● Data records:
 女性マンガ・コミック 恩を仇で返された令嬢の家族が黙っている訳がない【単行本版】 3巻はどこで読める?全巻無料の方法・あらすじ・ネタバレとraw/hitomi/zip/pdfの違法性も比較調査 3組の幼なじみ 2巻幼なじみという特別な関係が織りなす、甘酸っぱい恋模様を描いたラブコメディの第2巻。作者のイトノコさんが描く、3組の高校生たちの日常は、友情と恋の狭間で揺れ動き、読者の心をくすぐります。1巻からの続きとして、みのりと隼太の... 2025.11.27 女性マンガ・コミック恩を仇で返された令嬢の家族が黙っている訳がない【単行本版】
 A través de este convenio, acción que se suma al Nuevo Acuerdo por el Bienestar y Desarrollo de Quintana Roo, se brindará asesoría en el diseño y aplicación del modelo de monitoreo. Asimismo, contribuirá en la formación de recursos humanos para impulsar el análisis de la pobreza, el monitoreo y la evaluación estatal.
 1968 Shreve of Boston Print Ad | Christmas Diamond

* * *

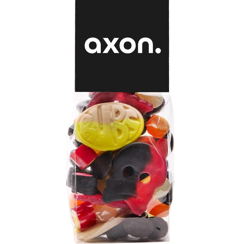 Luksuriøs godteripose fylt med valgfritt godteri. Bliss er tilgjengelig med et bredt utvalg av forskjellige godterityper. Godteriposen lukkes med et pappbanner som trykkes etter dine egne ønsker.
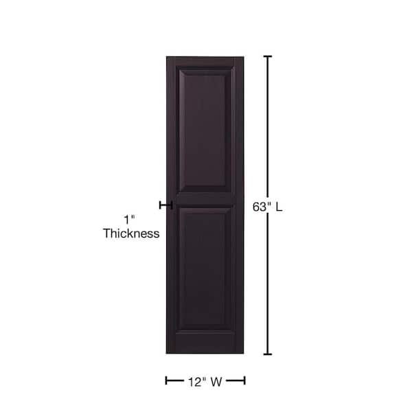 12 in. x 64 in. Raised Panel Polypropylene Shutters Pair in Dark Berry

...

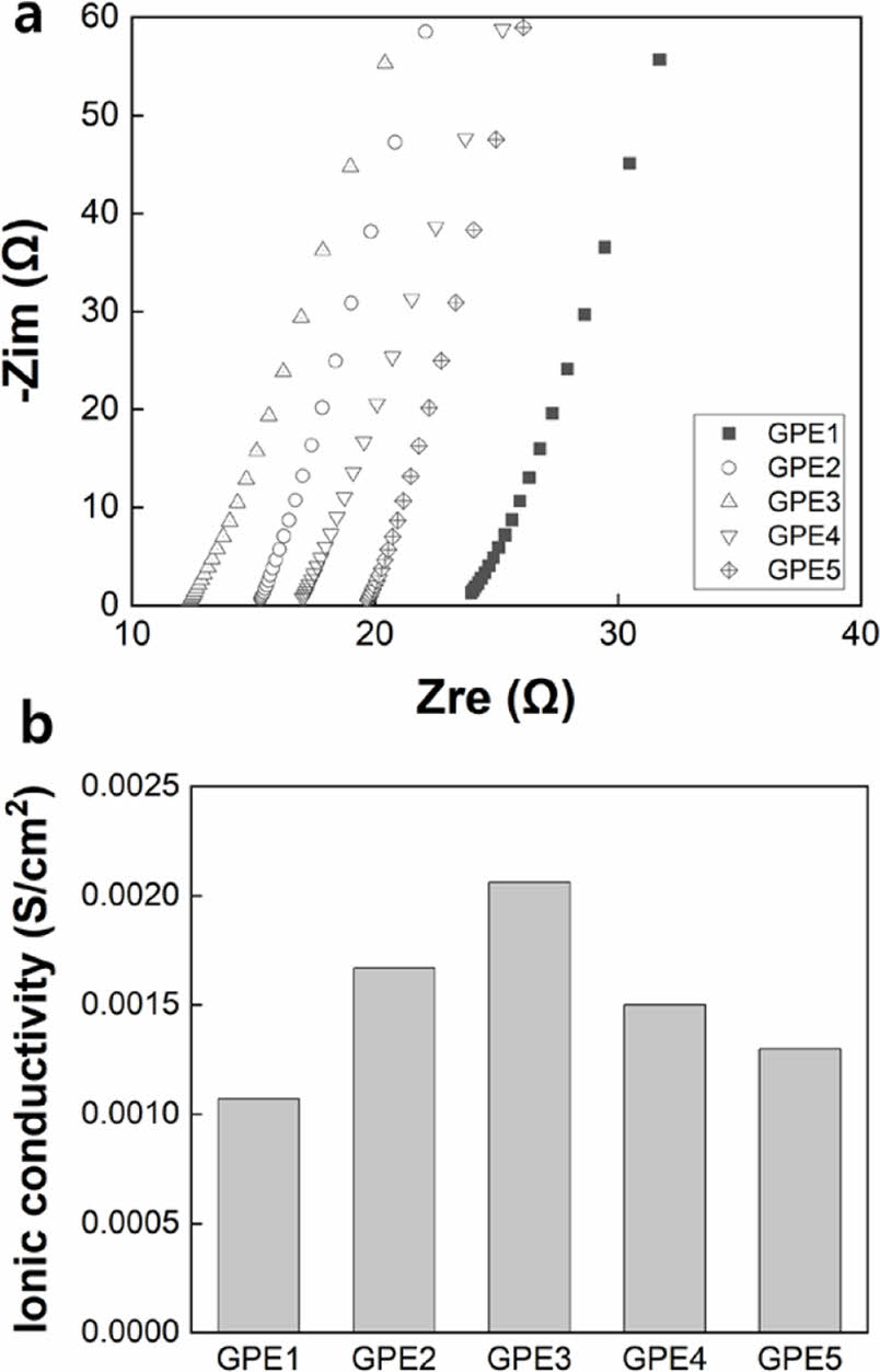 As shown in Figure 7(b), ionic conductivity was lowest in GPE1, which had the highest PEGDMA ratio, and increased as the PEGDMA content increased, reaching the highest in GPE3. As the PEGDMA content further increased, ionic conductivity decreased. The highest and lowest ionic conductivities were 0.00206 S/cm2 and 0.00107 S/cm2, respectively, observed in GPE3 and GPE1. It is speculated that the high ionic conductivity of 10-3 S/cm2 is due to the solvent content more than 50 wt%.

● Task to complete:
In the records above, find the line with "Luksuriøs godteripose fylt" and the line with "12 in. x 64", then restate word for word only those two lines and all lines between, omitting pictures.

● Solution:
 Luksuriøs godteripose fylt med valgfritt godteri. Bliss er tilgjengelig med et bredt utvalg av forskjellige godterityper. Godteriposen lukkes med et pappbanner som trykkes etter dine egne ønsker.
 12 in. x 64 in. Raised Panel Polypropylene Shutters Pair in Dark Berry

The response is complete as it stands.